Your goal:
A precise copy of the data is required, with every picture left out.

Data extracted from a collection:
•••••

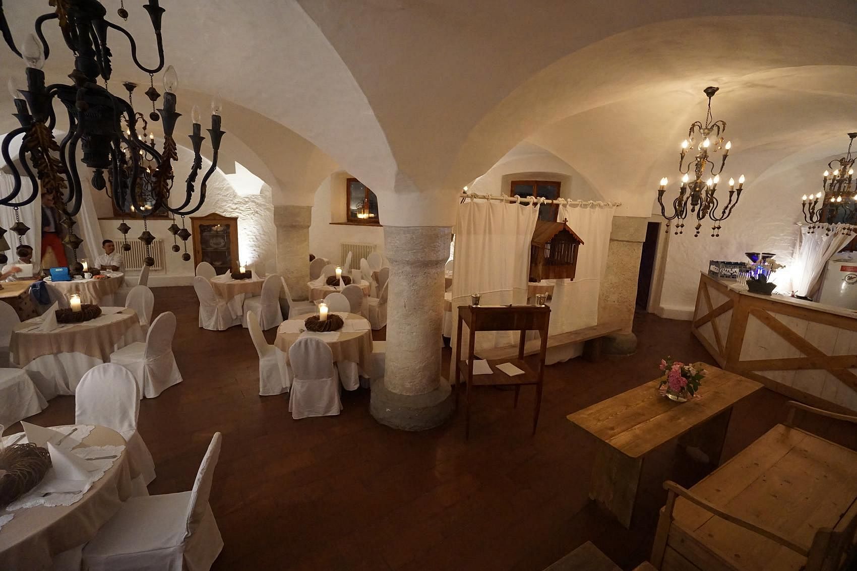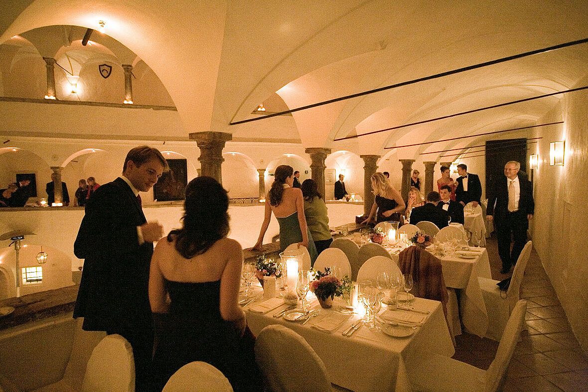 Der Renaissancekeller ist bei den Konzerten sehr beliebt, durch seine dicke Granitsäule vermittelt er eine sehr gemütliche Atmosphere. Da er ebenfalls wie die 3 Säulen Halle an den Innenhof angrenzt ist er bei Hochzeiten ein perfektes Kinderzimmer ,mit Matrazenlager zum kuscheln.
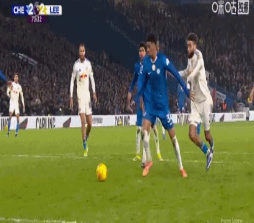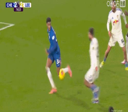 第73分鐘,切爾西禁區混戰,奧卡福爾推射破門,利茲聯2-2扳平
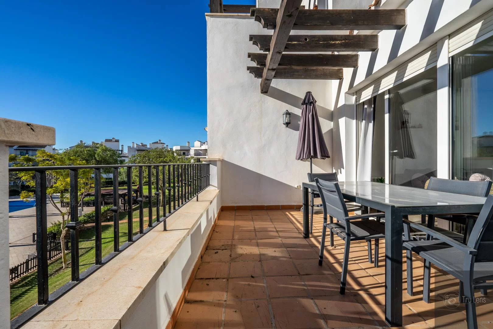 L’appartement dispose d’une terrasse avec vue sur les espaces communautaires et sa superbe piscine.
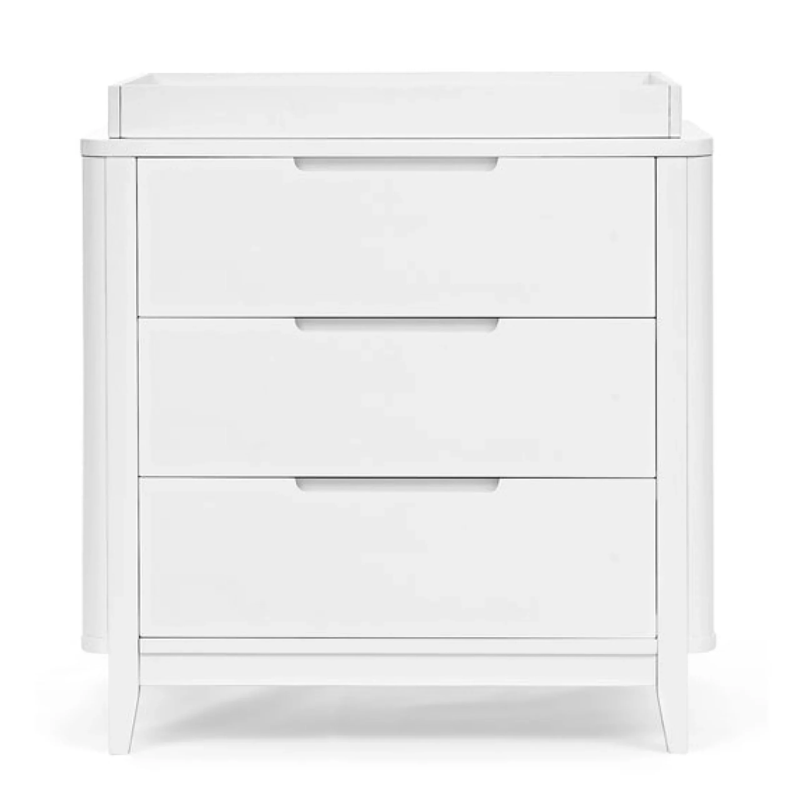 This dresser features 3 drawers for plenty of storage space. This spacious storage piece serves as a sturdy changing table too, with the included changing topper (changing pad sold separately). When your child grows, just remove the topper, it easily transitions into a stand-alone dresser
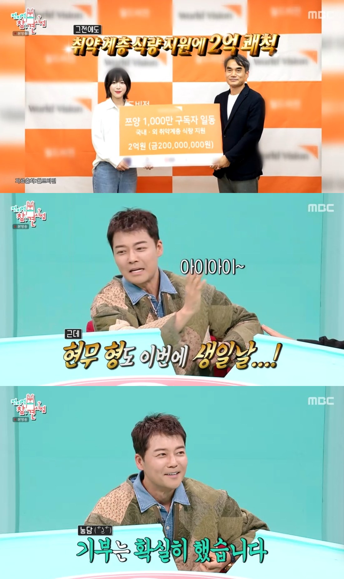 이를 듣던 양세형은 "전현무 형도 생일날 본인 이름으로 1억을 기부했다"며 전현무의 미담을 전했다.
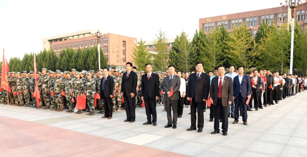 9月27日上午,我校在铁龙广场举行升国旗仪式,庆祝新中国成立70周年,弘扬爱国主义精神,增强民族自豪感,引导青年学生砥砺奋进、筑梦前行。全体校领导、中层干部、团总支书记、辅导员和新校区2019级新同学参加仪式。升旗仪式由团委书记高文天主持。
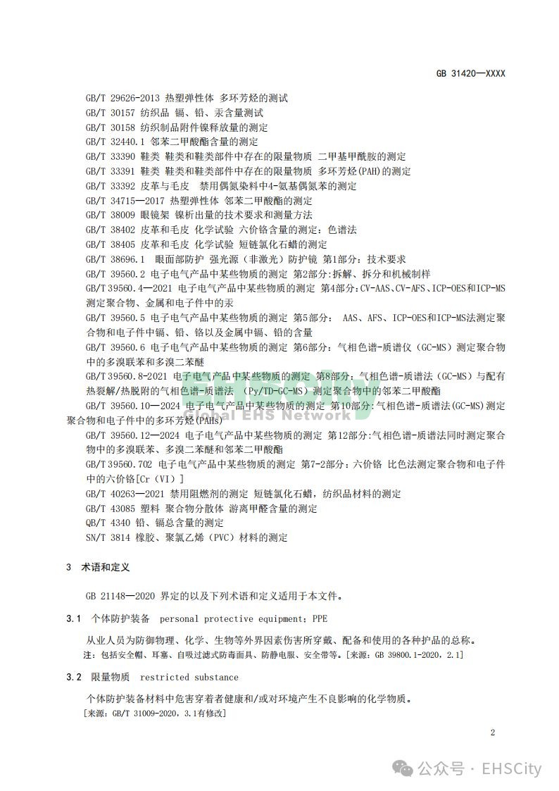 GB 31420《個(gè)體防護(hù)裝備有毒有害及限量物質(zhì)要求(征求意見稿)》及編制說明
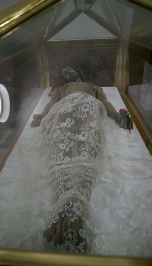 Jesus in einem Schneewittchensarg - ein ungewohntes Motiv.

•••••

Task result:
 Der Renaissancekeller ist bei den Konzerten sehr beliebt, durch seine dicke Granitsäule vermittelt er eine sehr gemütliche Atmosphere. Da er ebenfalls wie die 3 Säulen Halle an den Innenhof angrenzt ist er bei Hochzeiten ein perfektes Kinderzimmer ,mit Matrazenlager zum kuscheln.
 第73分鐘,切爾西禁區混戰,奧卡福爾推射破門,利茲聯2-2扳平
 L’appartement dispose d’une terrasse avec vue sur les espaces communautaires et sa superbe piscine.
 This dresser features 3 drawers for plenty of storage space. This spacious storage piece serves as a sturdy changing table too, with the included changing topper (changing pad sold separately). When your child grows, just remove the topper, it easily transitions into a stand-alone dresser
 이를 듣던 양세형은 "전현무 형도 생일날 본인 이름으로 1억을 기부했다"며 전현무의 미담을 전했다.
 9月27日上午,我校在铁龙广场举行升国旗仪式,庆祝新中国成立70周年,弘扬爱国主义精神,增强民族自豪感,引导青年学生砥砺奋进、筑梦前行。全体校领导、中层干部、团总支书记、辅导员和新校区2019级新同学参加仪式。升旗仪式由团委书记高文天主持。
 GB 31420《個(gè)體防護(hù)裝備有毒有害及限量物質(zhì)要求(征求意見稿)》及編制說明
 Jesus in einem Schneewittchensarg - ein ungewohntes Motiv.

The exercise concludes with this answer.